I know how SIMD works logically. Im talking about the physical implementation. And there you have a few boundary conditions. The important one in this context is that you don't want to build four huge 64kB register banks which are far away from the individual ALUs. Instead you split them up and place them very close to the ALUs. This pays back twofold: it reduces the access latency and saves power. As no SIMD lane can see the registers of other lanes anyway, there is no point to have register files shared. It's simpler, faster and even more power efficient.
And it actually enables some trick a single register file couldn't do easily. Each SIMD lane can add an offset to the index into the register file so each lane can in fact address a different register with the single instruction shared by all lanes (look it up in the ISA manual under "relative adressing" with the offset given in the AR register set by the MOVA_* instruction). Afaik, GCN got rid of this messy stuff.

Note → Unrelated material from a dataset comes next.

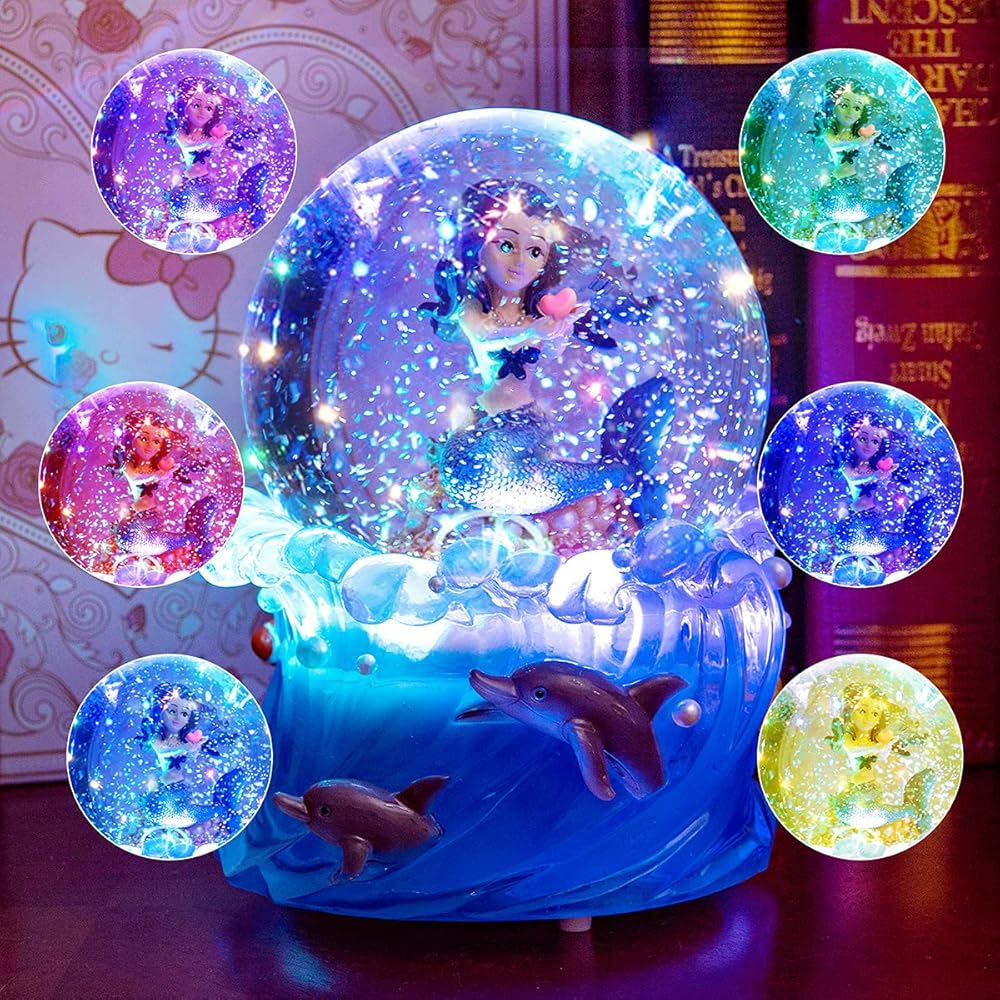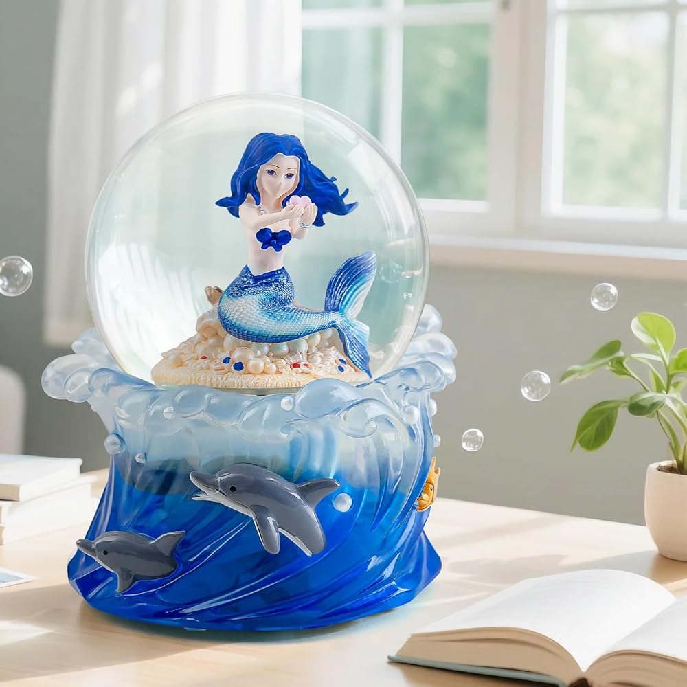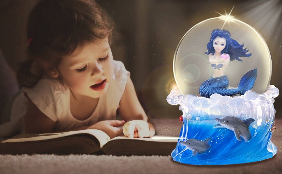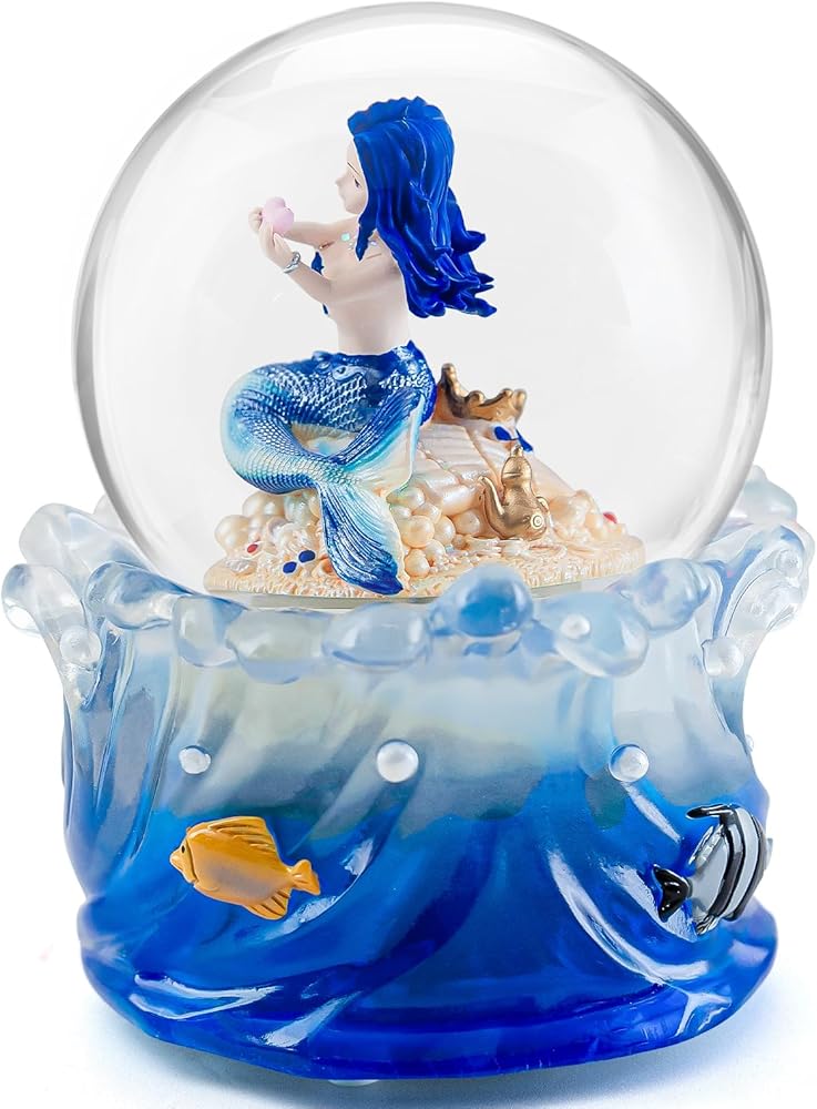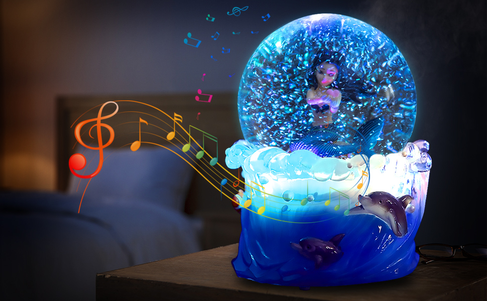 MERMAID MUSIC BOX GIFT: This is a cute little mermaid snow globe with mucic and light, the mermaid sit on the shell and armed with heart. Below the ball are engraved sea wave, fish and dolphin.it is beautiful.

I know all the ISA manuals from R600, R700, Evergreen, HD6900, and Southern Islands (that's how AMD called the GPUs in the manuals).
The register adressing is really awful for the VLIW architectures. But anyway:
Let's forget a moment that each lane has to work on a 4 new elements every 4 cycles. Then there is the task of reading up to 12 operands over 3 cycles (some bank swizzling encoded in the instruction takes care of the distribution to the VLIW slots, we don't talk about that here, it's another mess; we neither consider the constants or literals, they don't come from the reg file, nor about the PS and PV "pipeline registers" which serve as some compiler directed data forwarding because the results of the previous instruction are not yet written back to the reg file). For that you clearly need 4 banks. Those banks are not only physically separate, but already logically in the ISA. The remaining 4th cycle is used to write back the four results of the previous instruction by the way. So everything could be used up.
But now we come back to the fact, that each SIMD lane actually executes 4 elements of the wavefront over four cycles in a pipelined fashion. That would mean during the first cycle one reads four 32bit values from the 4 banks for the first element. In the next cycle one has to read both, the next four operands for the first element as well as the first four operands for the second element. And so on. In the end this results one has to constantly read 12 values per cycle and also write 4 values per cycle. That needs basically 4 banks with 4 ports (3 read, one write; fetching data is done in seperate clauses and may steal the necessary cycles when changing clauses).
But one could have the idea, that one simply fetches and writes 128bit values (4x32bit) for all 4 elements processed in that lane together and everything would be fine. The relative adressing of GPRs would destroy this as the 4 elements can access different GPRs. But I strongly suspect that it uses the same mechanism as when one uses a GPR indexed access of constants called waterfalling (it basically serializes the 4 elements in each lane; not as bad as serializing all 64 elements in a wavefront for a GPR indexed constant file access). I really doubt they implemented 4 times the register ports/banks just for this basically never used feature. As I mentioned, GCN dropped support for this (and I guess nobody will notice).